Brésil-Maroc : le choc des ambitions au cœur du New Jersey
Pour son entrée dans le Mondial 2026, la Seleçao de Carlo Ancelotti affronte les Lions de l’Atlas, demi-finalistes en 2022 et champions d’Afrique en titre, dans un duel planétaire diffusé en clair sur plusieurs continents.
Ce samedi 13 juin, à 18 heures sur la côte Est des États-Unis (minuit à Paris, 23 heures à Casablanca), le MetLife Stadium d’East Rutherford devient l’épicentre du football mondial. Le Brésil et le Maroc ouvrent le Groupe C de la Coupe du Monde 2026, aux côtés d’Haïti et de l’Écosse. La presse latino-américaine comme les médias européens et asiatiques s’accordent à y voir le premier grand test de la compétition, un affrontement entre deux sélections aux trajectoires ascendantes mais aux héritages radicalement différents. Diffusée en clair en Italie, en Argentine et en Indonésie, la rencontre polarise l’attention bien au-delà des Amériques, donnant le ton d’un tournoi résolument mondialisé.

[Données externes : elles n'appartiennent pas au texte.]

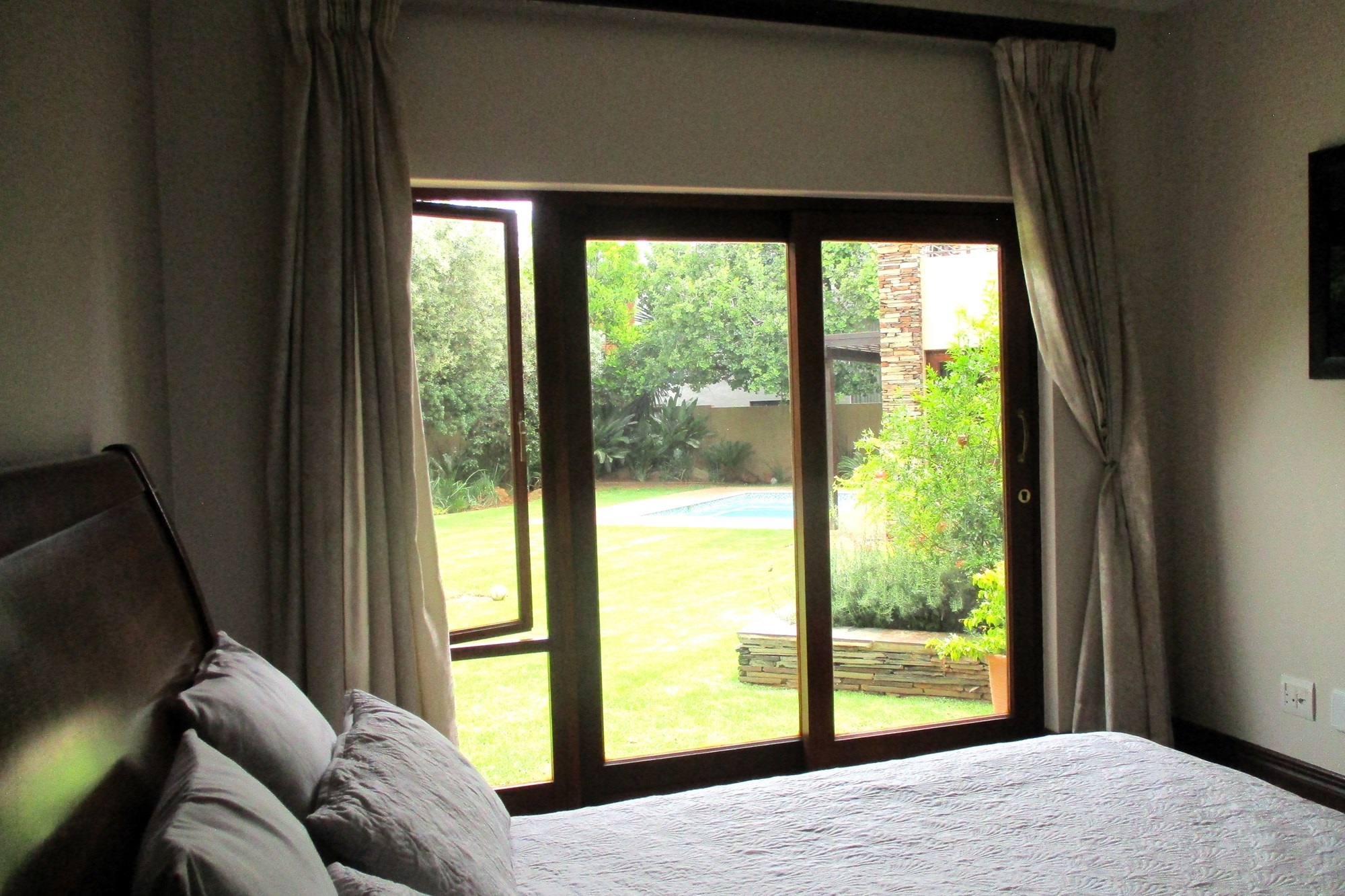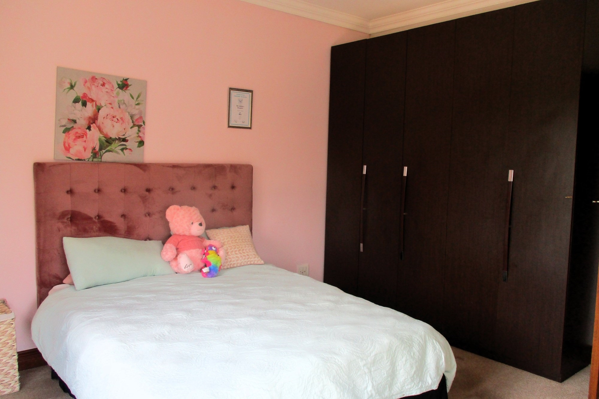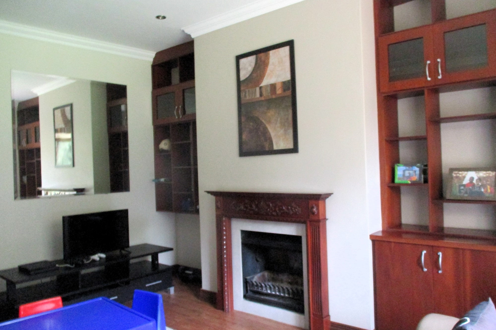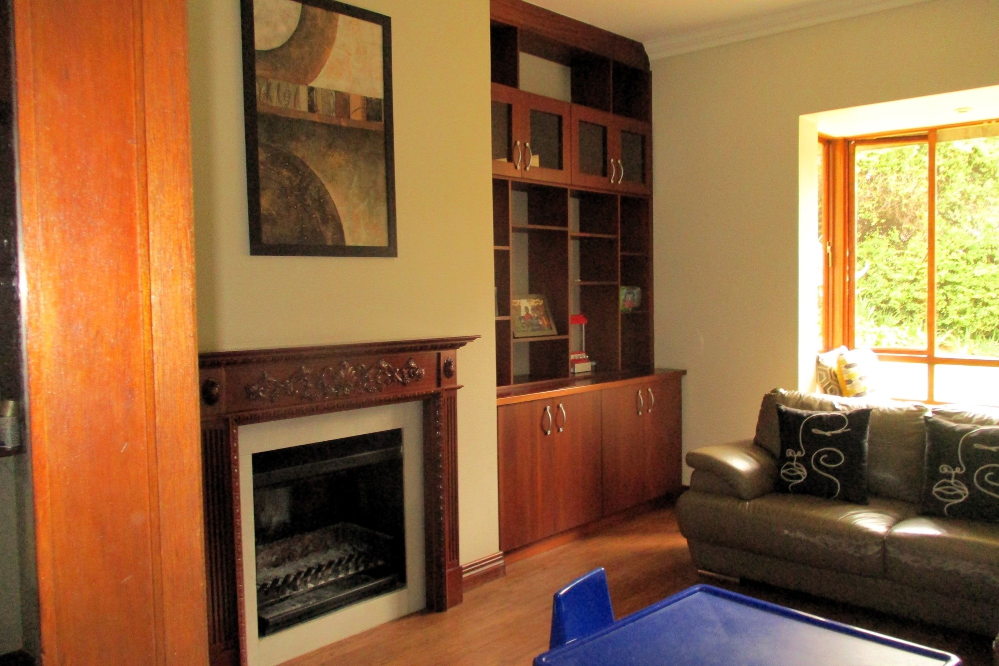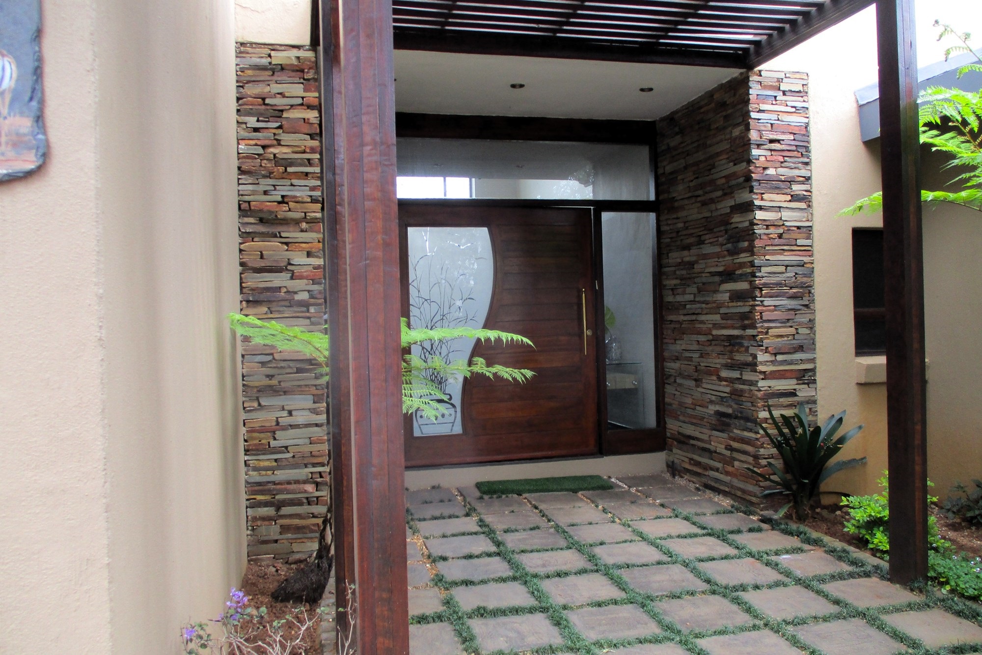 On the ground floor, the main entrance leads to a reception hall with under-stairs storage and stairs. The south wing includes a guest toilet, a double automated wooden door garage with direct entry into the house, and a guest bedroom with a shower, bath and basin. Opening into the garden facing the pool. The east wing features a family room with a wood-heated fireplace opening onto the garden, a lounge with a double-sided gas fireplace, an open-plan kitchen with a scullery, a double sink, dishwasher and washing machine points, island stove with an extractor. The kitchen opens onto an indoor entertainment area with a braai place, leading to the pool and garden.

Le Brésil aborde ce rendez-vous avec une pression immense. Vingt-quatre ans après son dernier sacre en Corée-Japon, la Seleçao a confié son destin à Carlo Ancelotti, technicien italien au palmarès unique, chargé de faire briller une génération dorée mais privée de Neymar, blessé. La presse argentine souligne que 23 des 26 joueurs brésiliens évoluent en Europe, signe d’un exode sportif qui rend paradoxalement l’équipe plus homogène tactiquement. Le 4-3-3 probable, articulé autour d’Alisson, Casemiro et Vinícius Júnior, devra imposer un rythme à la hauteur de l’ambition d’un sixième titre.
En face, le Maroc ne se présente plus en outsider. Demi-finaliste historique au Qatar en 2022, champion d’Afrique en titre, la sélection dirigée par Mohamed Ouahbi incarne l’émergence d’un football arabe et africain qui ne se contente plus de résister. Les observateurs indonésiens notent que l’ossature des Lions de l’Atlas, majoritairement née ou formée en Europe, fusionne culture tactique et fierté nationale. Achraf Hakimi, Yassine Bounou et Brahim Díaz symbolisent cette synthèse. Forte de sa récente maturité continentale, la formation marocaine vise la première place du groupe pour aborder les huitièmes de finale sans affronter immédiatement un favori.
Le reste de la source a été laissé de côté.